Through May 8th last year, he hit .167 (17/102, .206 BABIP) / .227 (25/110) / .265 (27/102), with 3 home runs, 9 RBI, and a 31:8 K:BB in 110 plate appearances.
It looks similar, with two caveats – first, Ike has done much better at getting on base, earning six additional trips to first base (5 via walk, 1 via HBP). Second, Ike’s slugging percentage is much higher (due to an additional home run and the aforementioned walks). The strikeout rate is very similar, as is the underwhelming batting average on balls in play.
Last year, it took until the second week of June for Ike to shake off his funk, after which he was dominant (he hit .265/.347/.565 with 27 home runs from June 9th until the end of the season). He’d put together a decent week, and then regress terribly. So far, this season has been much the same. We’ve seen Justin Turner at first base, and have heard rumors of both Andrew Brown and John Buck getting reps there should Davis’ production not improve.
But maybe it has…?
In the midst of discussing how badly Ike’s been struggling this season, we’ve failed to notice that he’s raised his OPS nearly 200 points in the past three weeks, from a dismal .411 (after the first game of the Colorado double-header) to a middling-but-still-kinda-bad .592 entering tonight’s game against the White Sox. He’s hit .226/.323/.415 over that span, going 12/53 with a double, a home run, and seven walks. While a .738 OPS is nothing to write home about (especially not for a first baseman), it’s at least better than the major league average .720 OPS (.318 OBP, .402 SLG). His batting average on balls in play over that span has been .290, which matches his .286 career mark (keep in mind that home runs, as they don’t end “in play”, don’t factor into BABIP). The strikeout rate (29.7% in 2013) is still a concern, though it’s a bit early to panic (research suggests strikeout rate begins to normalize around 150 plate appearances).

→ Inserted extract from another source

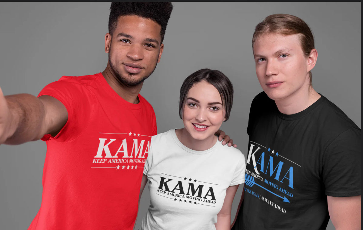 Join the KAMA KEEP AMERICA MOVING AHEAD™ Evolution. Our exclusive KAMA merchandise embodies the spirit of this forward-looking vision for America. Every purchase contributes to a brighter future for ALL Americans. Join the energy that propels progress, unity, and the promise of a better tomorrow. America’s prosperity is ALWAYS AHEAD!

It’s still early, and a bad week could effectively ruin it, but let’s keep this in mind: for all the discussion about how Ike Davis is struggling at the plate, we’ve completely ignored the fact that he hasn’t been particularly bad for the past three weeks. Couple that with his glove (which has been excellent this year), and the Mets could be doing a lot worse at first.